DIRECTIONS FOR THIS TASK:
Copy the data exactly; pictures stay out of the copy.

+++ SUPPLIED MATERIAL +++

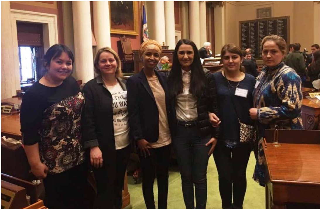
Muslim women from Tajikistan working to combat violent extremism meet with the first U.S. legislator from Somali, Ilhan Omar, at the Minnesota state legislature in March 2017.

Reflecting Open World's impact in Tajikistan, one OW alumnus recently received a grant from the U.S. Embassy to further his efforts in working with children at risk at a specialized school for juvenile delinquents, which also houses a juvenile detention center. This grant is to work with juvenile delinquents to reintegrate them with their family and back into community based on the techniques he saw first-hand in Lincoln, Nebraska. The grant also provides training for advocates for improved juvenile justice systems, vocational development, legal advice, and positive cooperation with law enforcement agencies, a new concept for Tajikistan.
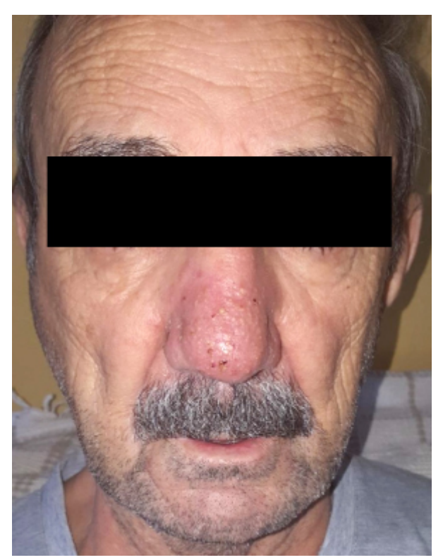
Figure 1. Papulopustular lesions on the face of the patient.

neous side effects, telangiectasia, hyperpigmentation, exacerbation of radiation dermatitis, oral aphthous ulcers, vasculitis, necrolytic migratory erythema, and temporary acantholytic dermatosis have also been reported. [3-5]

+++

TASK ANSWER:
Muslim women from Tajikistan working to combat violent extremism meet with the first U.S. legislator from Somali, Ilhan Omar, at the Minnesota state legislature in March 2017.

Reflecting Open World's impact in Tajikistan, one OW alumnus recently received a grant from the U.S. Embassy to further his efforts in working with children at risk at a specialized school for juvenile delinquents, which also houses a juvenile detention center. This grant is to work with juvenile delinquents to reintegrate them with their family and back into community based on the techniques he saw first-hand in Lincoln, Nebraska. The grant also provides training for advocates for improved juvenile justice systems, vocational development, legal advice, and positive cooperation with law enforcement agencies, a new concept for Tajikistan.
Figure 1. Papulopustular lesions on the face of the patient.

neous side effects, telangiectasia, hyperpigmentation, exacerbation of radiation dermatitis, oral aphthous ulcers, vasculitis, necrolytic migratory erythema, and temporary acantholytic dermatosis have also been reported. [3-5]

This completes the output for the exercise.